李风和项凌琴两人斗鸡眼一般瞪着对方,不同的是,项凌琴目光凌厉凶狠,带着狂热,而李风恰恰相反,目光平和淡然,让人看不出一丝一毫的波动。
“呵呵,琴小姐,咱们算是平手如何?”过了好一会,李风突然微笑着说道,神色坦然,仿佛在闲聊家常。
“不行!你占了老娘便宜,就想溜?!”项凌琴杏眼一翻,随手抹去嘴角的血迹,一步一步走了过来,神色凝重,再也没有开始时地大意。
李风大汗,这个项凌琴也真够“爷们”的,一个年纪顶多也就二十五岁的女孩,居然老娘老娘的自称,口气活像个土匪。还说什么占便宜?老子不过就拳头碰了她一下那里,算不上占便宜吧?
“住手!”项松终于回来了,身后还跟着十来个老头和他们地弟子。
项松气急败坏地从地从大门外冲了进来,心里又是气恼,又是心疼,这个孙女从小就是他的宝贝疙瘩,闯祸惹祸不知多少,每次都害得他在众多族人面前丢脸,偏偏他又舍不得责骂这个宝贝孙女,想着本来就是武林中人,粗野一点也没什么,一直都不太介怀。
没想到的是,今天她会突然回来,自己不过出去十几分钟,居然这丫头就和贵客打起来了!虽然不知缘由,但根据对她的了解,不用问就知道又是这丫头惹的。

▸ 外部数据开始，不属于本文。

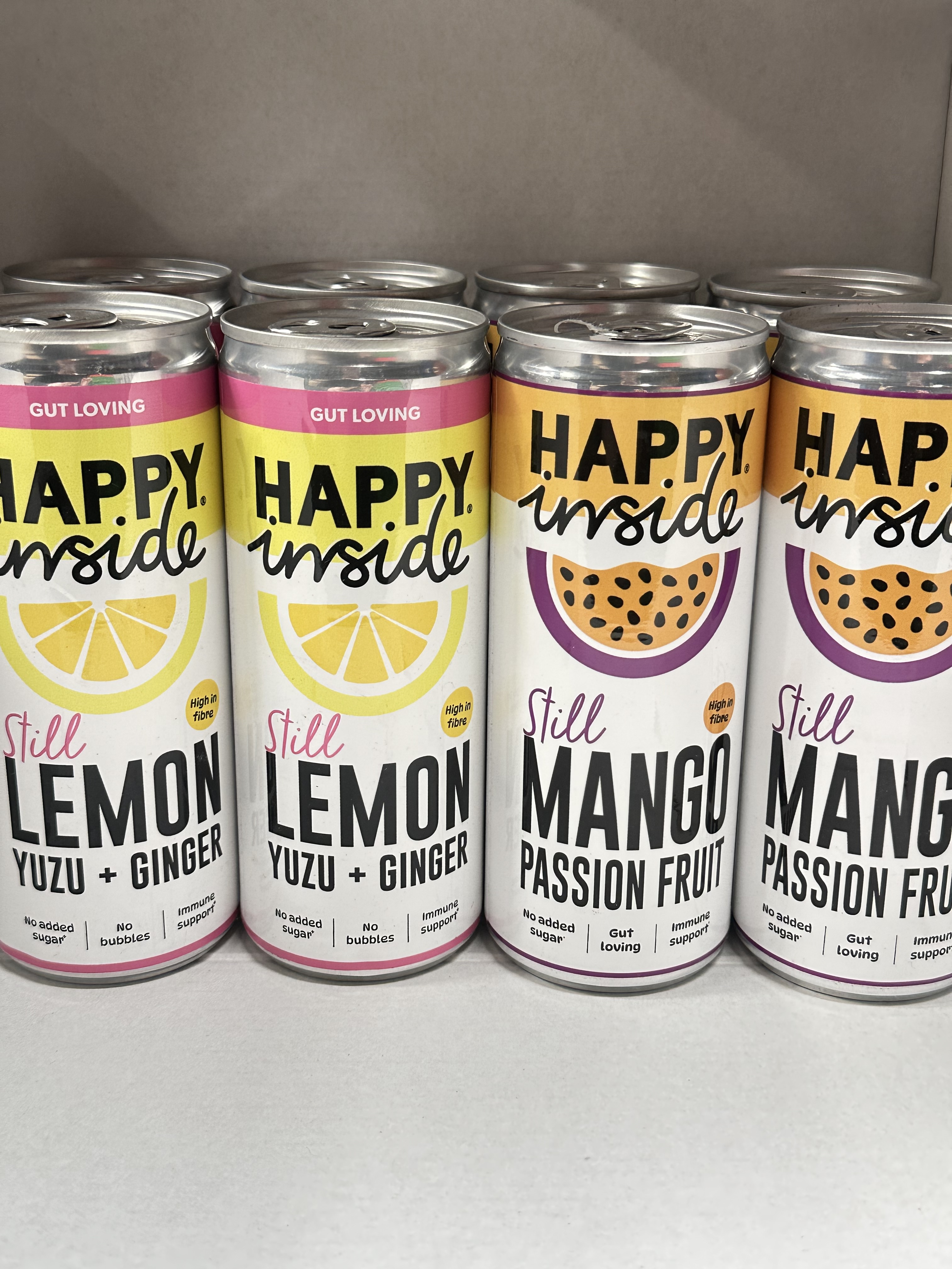 Happy Inside 8 X 250ml Gut Loving Cans 4 X Lemon & Yuzu Ginger 4 X Mango Passion Fruit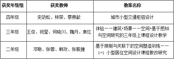 本次大会共有来自全国及台湾、香港地区以及日本、美国等共900多名专家和学者参会。送选参评56所学校提交127份教案,经评委评审共选出优秀教案45份,优秀作业88份。我院选送参评的 3 份教案及 6 份学生作业全部获奖,获奖率高达 100%,成为四所获奖率100%的学校之一,获奖总数名列全国第一。我院建筑学二、三、四年级的教案已在此项比赛中连续两年全部获奖。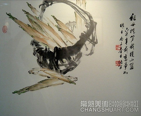 顾纯学,江苏常熟人,出身于耕读世家,现年七十四岁,作为“农桑余事”,顾纯学先生潜心诗词书画的研习与创作逾五十年不辍。取“亦耕亦读亦画”之意,先生自号“三亦楼主”,院内蔬果比色,鸡犬相唤,尽是农家气象;楼中书藏一壁,砚心未干,犹有氤氲墨香。先生曾得到王化民、沈重烟、张继馨、陆尹一、黄异庵等诗人画家指导,胸有众家而终不失农夫“已真”。三亦楼主诗书画艺于一握,题画诗文一概不取现成,或画随诗出,或诗随画至,全是胸中真情实感。先生视挂锄提笔为乐事,写生径取生活之形、质、势、写意力夺人间之精、气、神。其诗画鲜活清新,生机盎然,掬之有今朝露水,嗅之有泥土芬芳,拂之有书卷之气。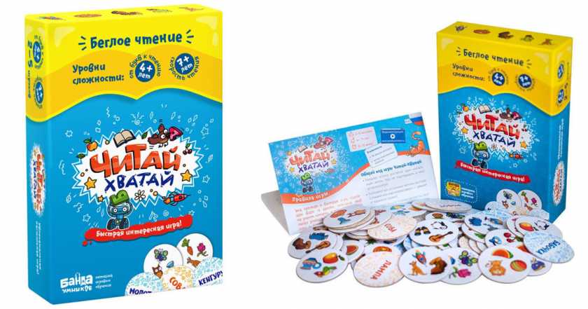 Самый весёлый и эффективный способ развить скорочтение. В игре три варианта правил разной сложности и два набора жетонов со словами разной длины (3–5 букв и 6–7 букв). Игроки наперегонки стараются как можно быстрее сопоставить слово с картинкой и собрать максимальное количество жетонов.
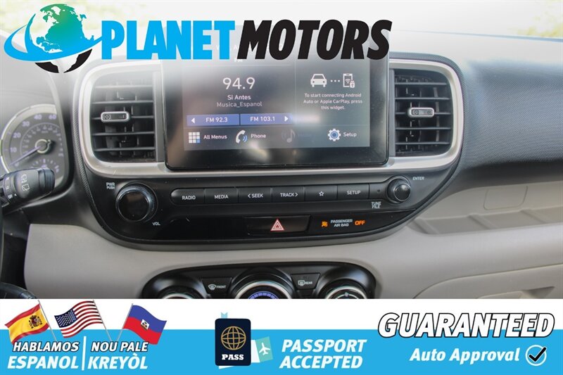 The factory default features of the 2021 Hyundai VENUE SEL include a user-friendly infotainment system with an 8-inch touchscreen display, Apple CarPlay and Android Auto integration, Bluetooth connectivity, and a 6-speaker sound system. Safety is paramount with standard features such as forward collision-avoidance assist, lane-keeping assist, driver attention warning, and a rearview camera.

而后面的那些老头和年轻人,都习以为常了,在那幸灾乐祸地看着,哪次项凌琴回来,不是有好戏看的?现在他们就是过来看好戏的,只要李公子没事,其他地都好办!
第二百四十四章 敲诈
“爷爷?!”项凌琴像变脸似的,本来凶狠凌厉的脸瞬间变得俏皮可爱,紧绷着的脸也充满了笑容,一副人畜无害的小女孩形象,像只小麻雀般跑到项松身边,撒娇道:“爷爷,我看您来了!”
这形象的变化,前后没有任何转折,仿佛千百次演练过的一般,让李风瞠目结舌。
“诶,乖孙女啊,你总算想起来看我这个老头子了!”项松的怒气也瞬间消失的无影无踪,脸上满是宠溺和慈祥的笑容。
“哎,就知道又是这样,琴儿妹妹每次都是这样一招。”那群跟在老头子身后的年轻人中传出一声小小的嘀咕声。
“哼!谁,是谁在那里嘀嘀咕咕的?!皮痒了不是?!”项凌琴一扭头,往那群年轻人瞪了过去,双眼凶光闪闪,咬牙切齿的脸庞在外人看来,不但没有凶恶的样子,反而显得有些可爱。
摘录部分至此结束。